Symptoms usually develop acutely with sudden back pain, sometimes with radicular irradiation, against which bilateral paralysis, impaired superficial (pain and temperature) sensitivity below the level of the lesion, and pelvic disorders are manifested. Since infarction most often occurs in the area supplied by the anterior spinal artery, deep types of sensitivity that conduct the posterior columns remain intact. When the penetrating branch of the spinal artery is damaged, the infarction develops on only one side, which is manifested by monoplegia or hemiplegia on the affected side and impaired superficial sensitivity on the opposite side. Sometimes the onset may be more gradual, with neurological impairment progressing over several hours. Differential diagnosis is made with transverse myelitis, compression of the spinal cord. Spinal infarction may be supported by the acute development of the disease (without previous symptoms), the absence of damage to the posterior columns, the presence of a clear level of damage, and signs of systemic vascular disease.

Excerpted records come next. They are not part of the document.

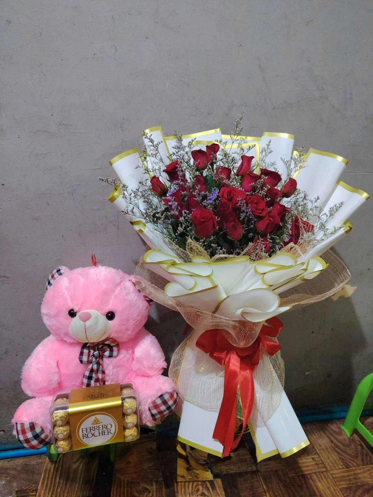 A romantic and heartwarming gift featuring fresh red roses, a soft pink teddy bear, and Ferrero Rocher chocolates. Simple, expressive, and full of feeling.
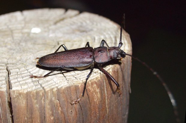 La semana pasada, me entretuve por la noche buscando insectos nocturnos en Sant Llorenç de Morunys, Solsonès (Lleida). Y en concreto, lo que buscaba eran longicornios (Cermabycidae), ya que estamos en el mes de julio. Uno de los lugares de obligado paso en una inspección nocturna es la zona de contenedores de basura. Al tratarse de una población de montaña, miré allí si había alguna cucaracha silvestre del género Ectobius. Y por supuesto, encontré. Ahora bien, mi sorpresa fue cuando en lo alto de un poste, vi un macho de Ergates faber (figuras 1 y 2). Me hizo mucha ilusión.
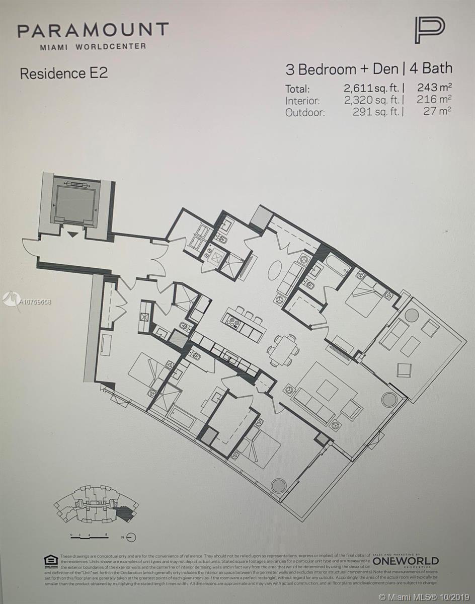 Fabulous Miami World Center 3 Bed/4 Bath + Den+ 3rd Bed Lock-out studio with 1 Bath and small kitchenette, 10 Ft ceilings 2,320 sqt + 291 sqf balcony, private foyer. Beautiful Bay, City and Ocean views. Designer European Kitchen with Bosh Appliances , Private Elevator, Beautiful East Views. The building has the MOST Incredible Amenities in Miami including: Concierge Service, Basketball, Soccer, Tennis, Multiple pools, Business Center, Game Room, Boxing, Yoga Studio, Observatory, Gym, Skydeck and Restaurants. One of the best locations in the heart of Miami steps away from the best dining, shopping & nightlife, Bayside, American Airlines Arena, Adrienne Arsht Center, Perez Art Museum and the Miami districts.
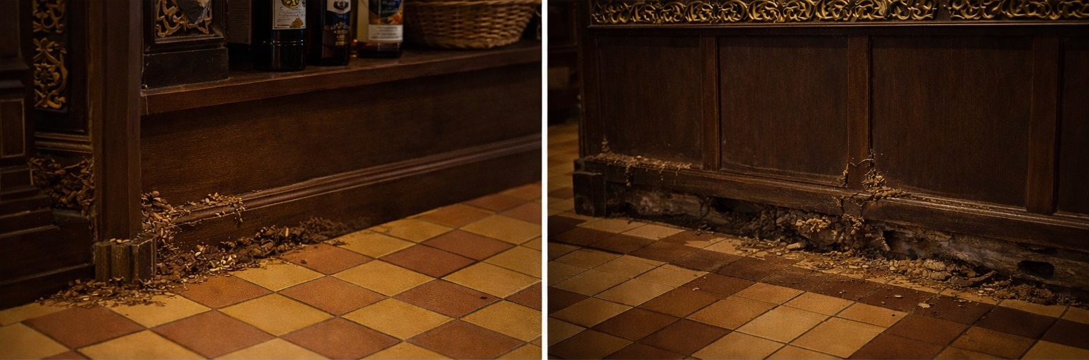 Restaurant staff noticed small mud trails and wood that sounded hollow when tapped in three areas: near the storage pantry, under the front dining area bar counter, and at the back office wall panel. Mud tubes are classic indicators of termite activity, showing that termites were actively foraging and feeding within the building. Regular termite inspections are key in tropical cities like Kuala Lumpur, where warm and humid conditions are ideal for termites.

Diagnosis is facilitated by myelography or MRI, and CSF studies. An elevated ESR may indicate vasculitis. Serological testing of blood and CSF for syphilis and HIV infection is important.

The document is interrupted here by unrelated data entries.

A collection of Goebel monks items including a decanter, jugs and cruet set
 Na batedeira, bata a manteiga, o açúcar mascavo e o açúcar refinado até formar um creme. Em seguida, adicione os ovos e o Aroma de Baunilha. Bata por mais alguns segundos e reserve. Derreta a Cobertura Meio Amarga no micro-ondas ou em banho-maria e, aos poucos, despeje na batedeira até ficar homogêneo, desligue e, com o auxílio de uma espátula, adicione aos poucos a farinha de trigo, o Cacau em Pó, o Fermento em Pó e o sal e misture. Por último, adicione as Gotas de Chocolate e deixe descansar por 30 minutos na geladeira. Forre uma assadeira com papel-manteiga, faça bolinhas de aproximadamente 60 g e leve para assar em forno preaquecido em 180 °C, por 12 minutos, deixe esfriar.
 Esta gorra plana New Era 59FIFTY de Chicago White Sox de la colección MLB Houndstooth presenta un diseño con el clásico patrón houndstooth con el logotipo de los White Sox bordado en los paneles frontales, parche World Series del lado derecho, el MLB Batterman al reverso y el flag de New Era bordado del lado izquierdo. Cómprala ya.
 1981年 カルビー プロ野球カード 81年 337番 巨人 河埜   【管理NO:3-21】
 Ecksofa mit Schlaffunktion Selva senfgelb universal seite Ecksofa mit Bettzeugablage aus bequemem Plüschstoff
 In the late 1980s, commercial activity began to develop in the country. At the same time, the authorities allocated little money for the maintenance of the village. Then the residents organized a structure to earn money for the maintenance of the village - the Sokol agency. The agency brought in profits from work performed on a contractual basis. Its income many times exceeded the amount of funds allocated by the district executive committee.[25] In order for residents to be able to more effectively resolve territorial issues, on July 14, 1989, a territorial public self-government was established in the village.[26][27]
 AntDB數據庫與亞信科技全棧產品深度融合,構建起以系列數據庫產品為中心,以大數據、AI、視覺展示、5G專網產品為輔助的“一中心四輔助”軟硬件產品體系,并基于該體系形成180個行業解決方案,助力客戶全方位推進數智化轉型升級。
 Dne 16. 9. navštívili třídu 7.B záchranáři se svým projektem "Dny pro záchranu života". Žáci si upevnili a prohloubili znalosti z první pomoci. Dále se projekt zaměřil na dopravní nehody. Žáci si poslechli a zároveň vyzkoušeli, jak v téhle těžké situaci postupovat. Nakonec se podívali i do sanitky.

Treatment is carried out with the help of vasoactive drugs, drugs that improve the rheological properties of blood, nootropic drugs and other means. But more important are symptomatic measures, skin care, prevention of pulmonary and urinary infections, early and complete rehabilitation, including therapeutic exercises, massage, and physiotherapeutic procedures.

Symptoms

Acute circulatory disorders are manifested mainly by neurological symptoms. Manifestations depend on the type of pathological process.

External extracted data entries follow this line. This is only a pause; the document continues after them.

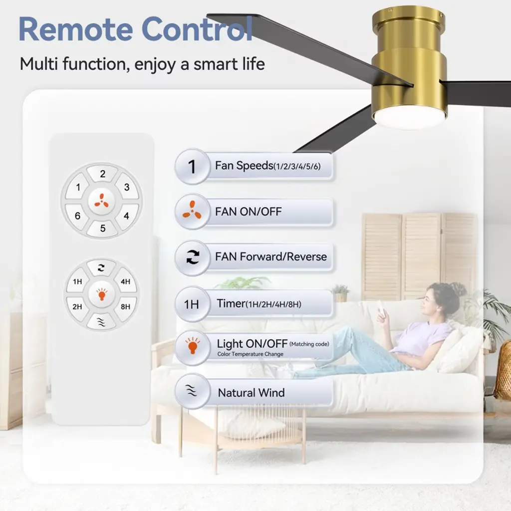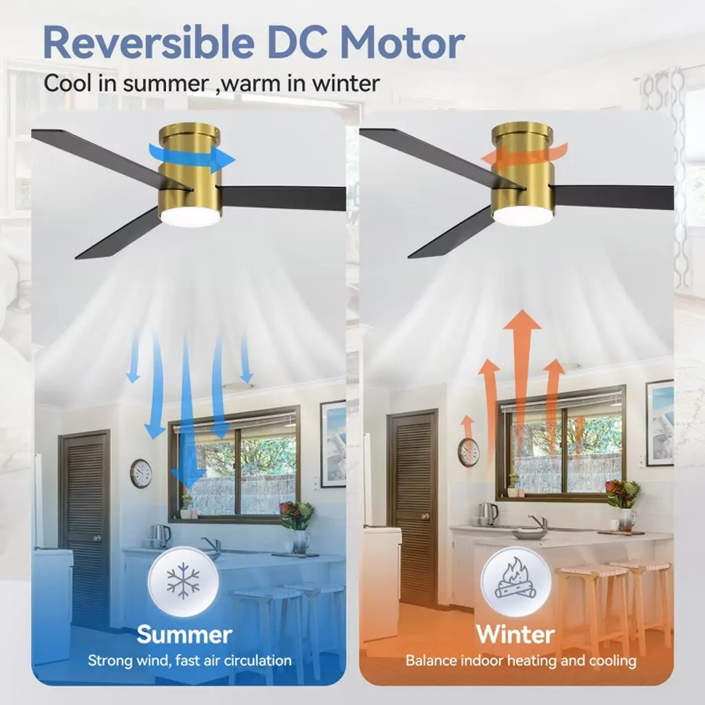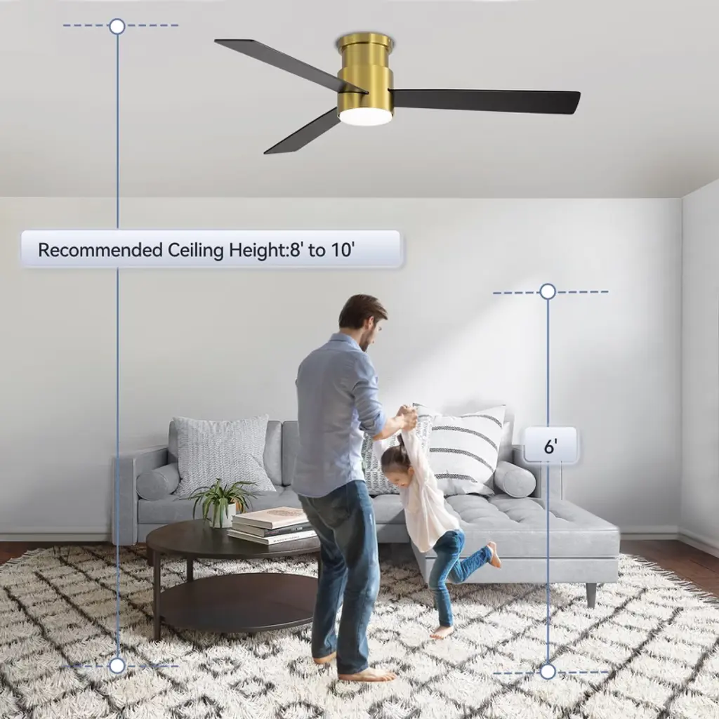 Airsurfer 52" Flush Mount Ceiling Fan With Dimmable Led Light, Reversible Quiet Motor, 3 Blades, Remote Control Included
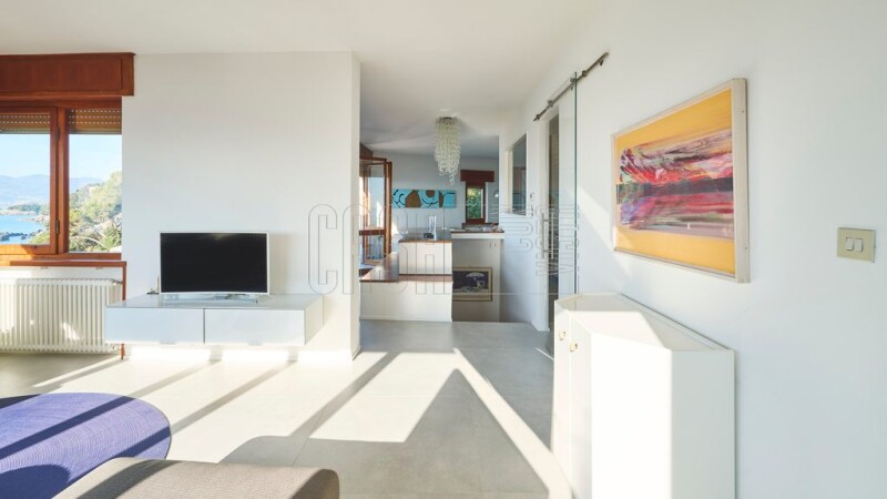 Villa for sale on the Fiascherino beach a short distance from the villages of Lerici and Tellaro. Located in an exclusive and panoramic position, this splendid villa offers a breathtaking view of the sea. Immersed in the charm of the Ligurian coast, the property is in a perfect position being in the beautiful bays of Fiascherino. This elegant villa, developed on three levels, has been designed to best enhance the spectacular sea view. The rooms, bright and welcoming, are characterized by fine finishes and modern style details. The main floor welcomes guests with a spacious entrance that opens onto a large living area completely with windows overlooking the sea, with southern exposure, which make this environment unique. Then we find the dining area, also very bright and panoramic with access to the terrace and the eat-in kitchen, recently renovated. A bathroom and laundry area complete the floor. On the lower floor there is the master bedroom with two French windows overlooking the sea, with wardrobe area and en-suite bathroom, and another bedroom also with en-suite bathroom. Going down one more floor there is the third bedroom also with en-suite bathroom. The villa will be sold partially furnished with original designer furniture from the 70s. One of the unique features of this property is the short staircase that leads to the sea, having direct and private access to the Fiascherino Bay. The roof features a large terrace overlooking the entire gulf, ideal for creating an outdoor living area. A small garden, a cellar and two private parking spaces complete the property.
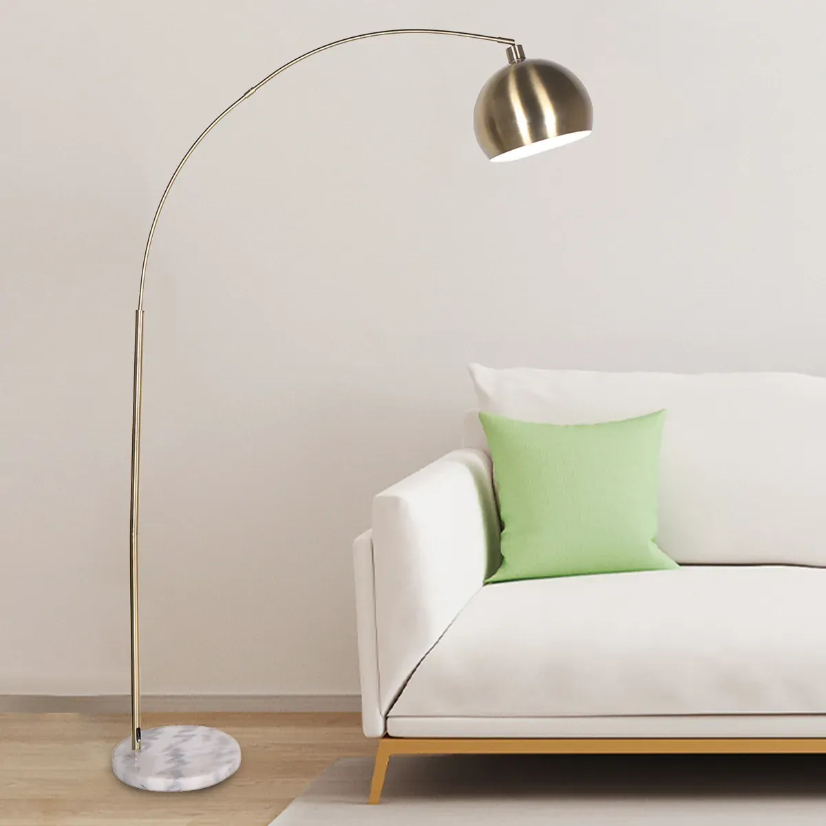 Sarantino Arc Floor Lamp Antique Brass Finish with Marble Base

Symptoms of ischemia (spinal cord infarction)

Several days and even weeks before acute disorders, the so-called. "harbingers". These include:

  • transient weakness in the limbs;
  • paresthesia (sensitivity disturbances);
  • muscle discomfort;
  • dysuria (impaired urination occurs infrequently);
  • pain in the spine, radiating (radiating) to the arms and legs.

In the acute stage of development the following are noted:

  • loss of sensation and weakness in the limbs;
  • pelvic organ dysfunction;
  • intense headaches;
  • dizziness;
  • loss of consciousness.

Paresthesia of the facial area, constriction of the pupil, drooping of the upper eyelid, and retraction of the eyeball cannot be excluded.

At the stabilization stage, with adequate therapy, regression of neurological symptoms is noted. In the residual period there are residual phenomena.

Symptoms of hematomyelia

Signs of hemorrhage in the spinal substance are:

  • intense girdle pain;
  • flaccid paralysis of the limbs;
  • marked decrease in sensation in the affected arm or leg;
  • dysfunction of the pelvic organs (with a large lesion).

The severity and combination of clinical signs vary depending on the location and size of the hematoma. If it is large, certain residual effects remain. Small hematomas in some cases resolve without consequences (with timely and competent treatment).

When blood accumulates between the walls of the spinal canal and the dura mater (epidural hematoma), clearly localized, sharp and intense pain is noted. Symptoms often recur; periods of remission range from several days to two or more weeks.

Hematorahis is characterized by the formation of a hematoma in the cavity between the arachnoid and pia mater of the brain. This rare form of stroke is manifested by acute “dagger” or “shooting” pain in the spine and general cerebral symptoms.